Motor City Bengals All-Time Detroit Tigers Team: 2B Charlie Gehringer

facebooktwitterreddit

Credit: Tim Fuller-USA TODAY Sports

It’s week two of Motor City Bengals presentation of our All-Time Detroit Tigers team. Last week we named our all-time Tigers first basemenHank Greenberg. This week, we name the organization’s top second sacker, Charlie Gehringer.

We’ve lamented Lou Whitaker‘s Hall-of-Fame problems, but as great as he was, Charlie Gehringer was truly one of the best players in baseball history, and certainly one of the best second basemen of all time.

Gehringer had a long and distinct career in baseball, all with the Tigers. Born in Fowlerville, he is the only Tiger on this list who was a native Michigander, the place he’d live all of his life.

In the early 1920’s, Gehringer lettered in basketball, not baseball, at the University of Michigan, but his skills on the diamond were solid enough to grab the attention of Tiger Bobby Veach. In 1923, Veach brought Gehringer to Navin Field for a workout in front of player-manager Ty Cobb. The Tiger legend loved what he saw and convinced the club to tender him a contact.

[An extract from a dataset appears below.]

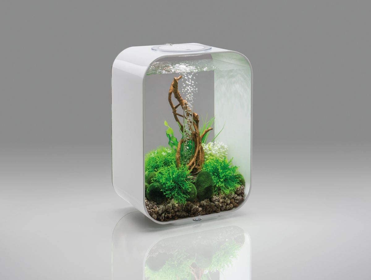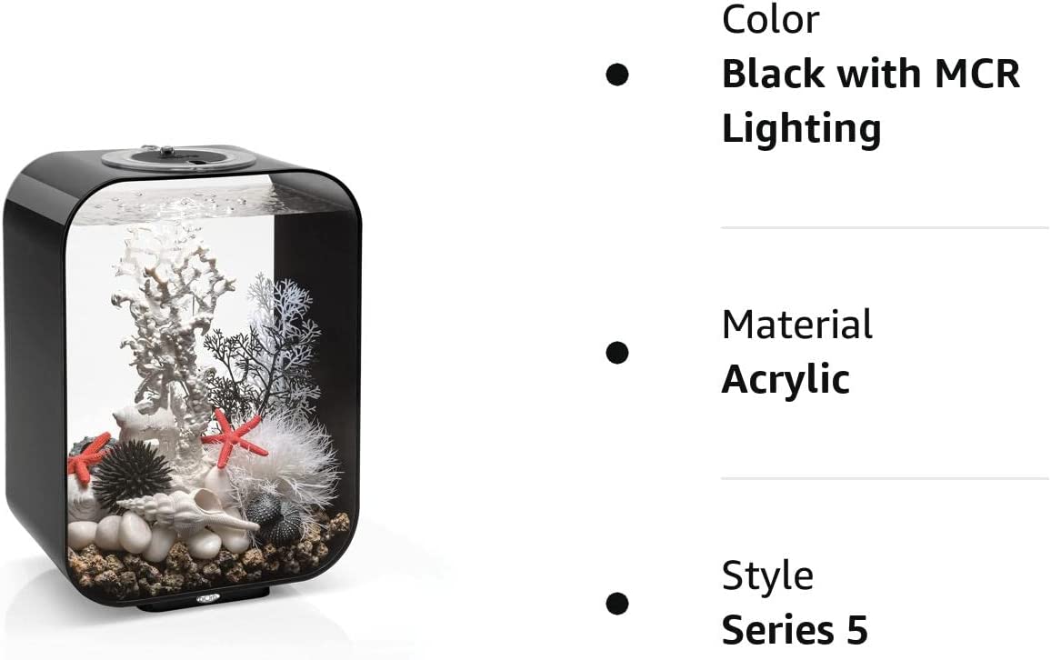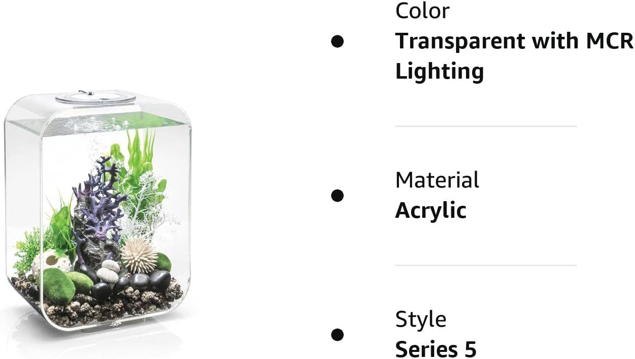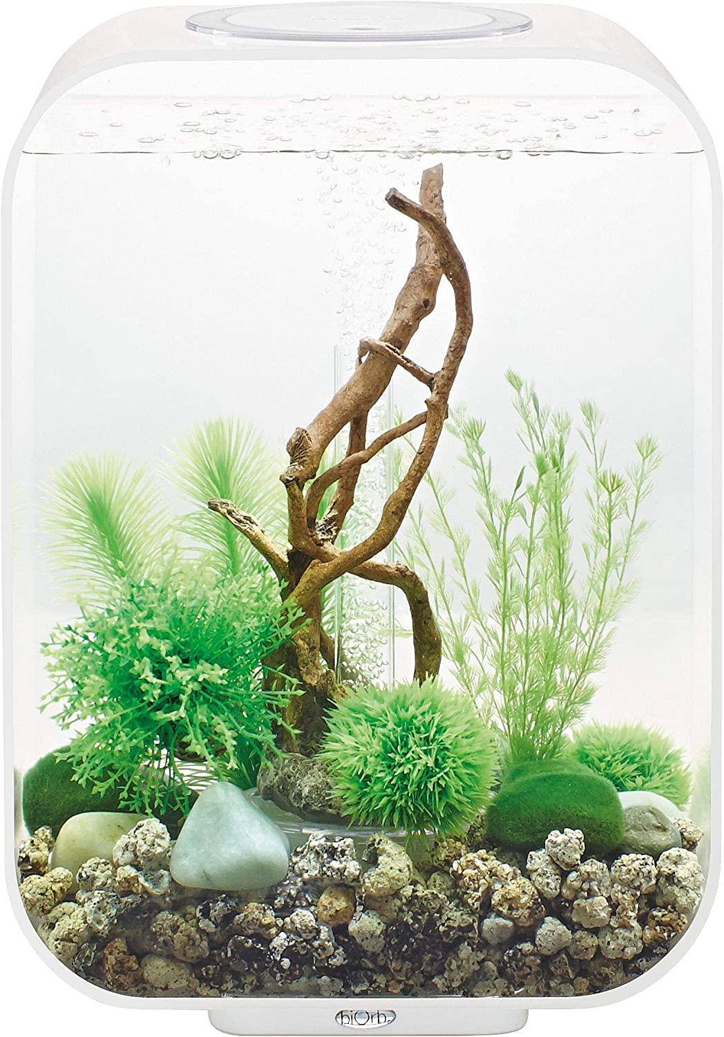 These breathtaking underwater worlds add a sense of joy and wonder to your home. With chic and minimalist design, a biOrb LIFE 15 MCR aquarium makes it effortless for you to elevate any space. This 4-Gallon acrylic aquarium is designed to perfectly frame your biOrb so you can admire your fish and décor. This biOrb LIFE has a bright white color trim, adding drama to this aquarium style's framing effect. The platform base creates a stylish finished look to this unique aquarium. Everything you need to start your new hobby is included: low voltage pump, LED Multi-color Remote-controlled (MCR) lighting, filtration, and manual. All biOrb aquariums are made from acrylic, which is 10 times stronger and 23% clearer than glass. Acrylic is also a good insulator, so you don't lose as much heat as you would with a glass aquarium. The MCR light will change how you experience biOrb. Choose from 16 preset colors and control the brightness of the light. You can even set an automatic day and night light cycle. There's a setting to suit every mood and add to your sense of well-being. The 5-step Filtration ensures clear, healthy water with biological, mechanical and chemical filtration, water stabilization and oxygenation. Unlike most aquariums, a biOrb's filter is fitted at the bottom of the aquarium, because fish waste sinks. The ceramic media that surrounds the filter provides a large surface area for beneficial bacteria. With quick and easy set-up, you'll soon be setting your creativity free and decorating your biOrb with the endless combinations of biOrb aquarium decorations (sold separately). Additionally, biOrb aquariums are designed for easy maintenance and easy access to feed your fish. Depending on your choice of fish species, you may only need around 15 minutes of maintenance per month using the biOrb Service Kit (sold separately). The aquarium is backed by a 2-year warranty. Enjoy the priceless gift of nature's wonder in your home with biOrb.

In his second full season in the big leagues (1927), Charlie became a star under new manager George Moriarty. In the years of Lou Gehrig‘s consecutive games streak, Gehringer was the Tigers’ Iron Man, playing every game from 1928 to 1930, 1933 to 1934, and 1936. He led the league in runs (131), hits (215), doubles (45), triples (19) and steals (19) in 1929.

On the defensive side, he was a very good defender and spent more than 1,000 games forming a keystone combination with shortstop Billy Rogell.

Gehringer was the lone Tigers’ representative in the very first All-Star Game, held at Comiskey Park in Chicago in 1933, and led the league in average in the pennant-winning seasons of 1934 and 1935. He hit .371 in 1937, which was a career high and earned him the MVP.

Gehringer remained a force for the Tigers through their pennant winning season of 1940, hitting .313. In 1941, he hit nearly 100 points off his average and found himself on the bench in 1942. Following that season, he enlisted in the U.S. Navy until 1945. He considered making a comeback at the age of 41, but ultimately decided against it.

In 16 full-seasons in the majors, Charlie hit under .300 just four times (his first full year and his final two). In the peak of his career, from 1927 to 1940, the only sub-.300 season was 1932 when he hit .298. He finished with a career average of .320, 2,839 hits, 184 homers and 1,427 RBIs.

Charlie was a six-time All-Star, won three pennants, one World Series, an MVP, and batting title. His number two was retired alongside Greenberg’s number five in a ceremony at Tiger Stadium in 1983, and he was elected to the Baseball Hall-of-Fame in 1949 with more than 85 percent of the vote.

It is for all these reasons that Charlie Gehringer is named to the Motor City Bengals’ All-Time Detroit Tigers team, and was another unanimous pick by staff.

Honorable mention goes to Whitaker (of course), and Dick McAulliffe.